Starting with the line that has "Žena se fotí" in the records below and stopping after the line that has "Die Wohnung liegt", output every line exactly and nothing else; skip pictures.

======== Data section

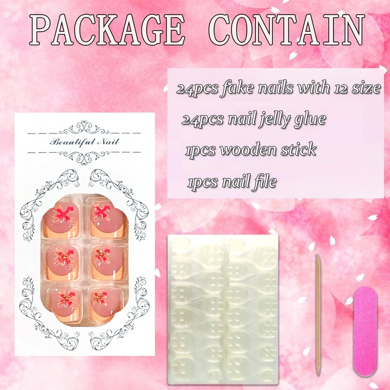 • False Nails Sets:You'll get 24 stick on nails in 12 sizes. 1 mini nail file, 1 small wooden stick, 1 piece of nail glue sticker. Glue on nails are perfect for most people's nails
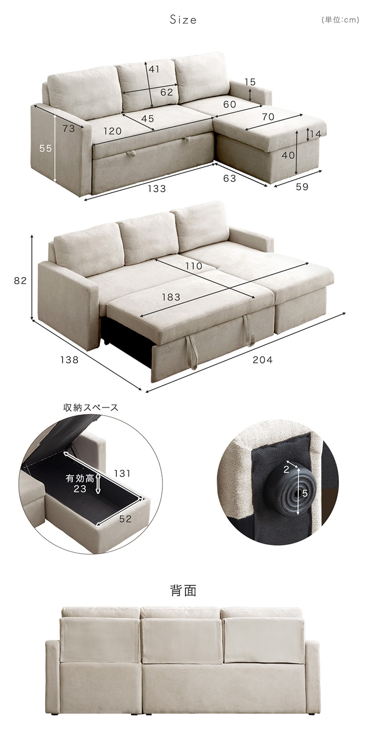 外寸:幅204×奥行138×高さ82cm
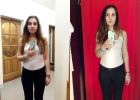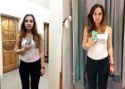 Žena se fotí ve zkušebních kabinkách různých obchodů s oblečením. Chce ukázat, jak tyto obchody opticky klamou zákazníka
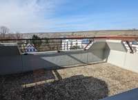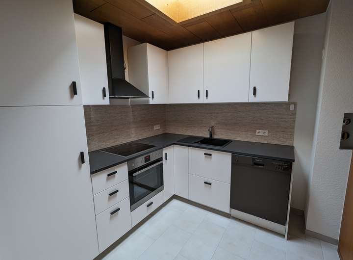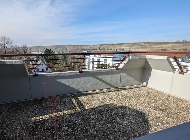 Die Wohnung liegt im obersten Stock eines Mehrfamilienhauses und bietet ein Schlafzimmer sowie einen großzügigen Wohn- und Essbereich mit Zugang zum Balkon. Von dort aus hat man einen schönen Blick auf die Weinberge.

================
======== Data section

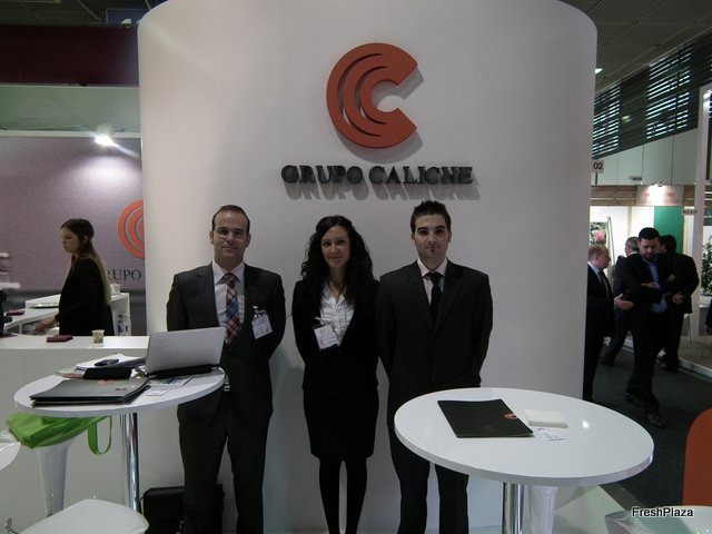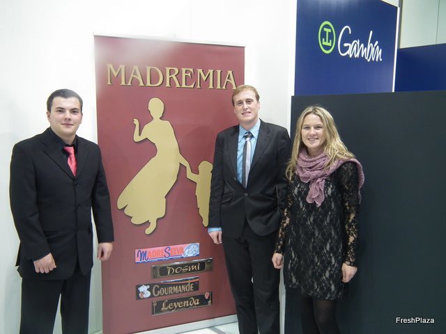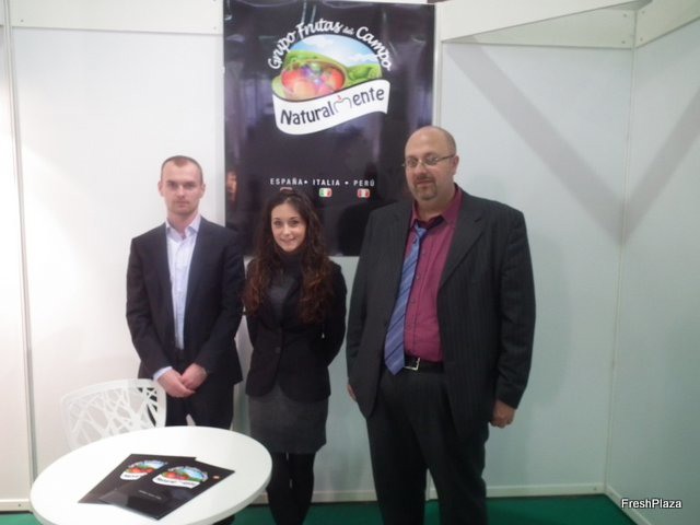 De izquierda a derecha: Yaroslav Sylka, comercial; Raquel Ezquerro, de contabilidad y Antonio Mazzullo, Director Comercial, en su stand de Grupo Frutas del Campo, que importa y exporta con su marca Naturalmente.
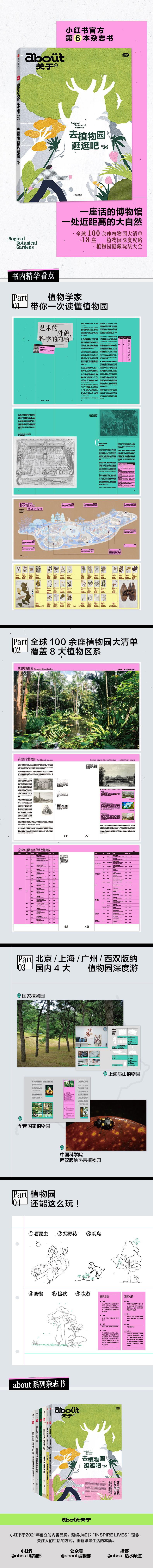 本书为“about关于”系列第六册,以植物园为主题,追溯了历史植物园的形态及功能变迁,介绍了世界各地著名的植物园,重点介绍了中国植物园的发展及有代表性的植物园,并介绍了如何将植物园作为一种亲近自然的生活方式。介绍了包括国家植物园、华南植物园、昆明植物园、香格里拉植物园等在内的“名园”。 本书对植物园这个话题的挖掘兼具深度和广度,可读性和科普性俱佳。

================

→ Answer area:
 Žena se fotí ve zkušebních kabinkách různých obchodů s oblečením. Chce ukázat, jak tyto obchody opticky klamou zákazníka
 Die Wohnung liegt im obersten Stock eines Mehrfamilienhauses und bietet ein Schlafzimmer sowie einen großzügigen Wohn- und Essbereich mit Zugang zum Balkon. Von dort aus hat man einen schönen Blick auf die Weinberge.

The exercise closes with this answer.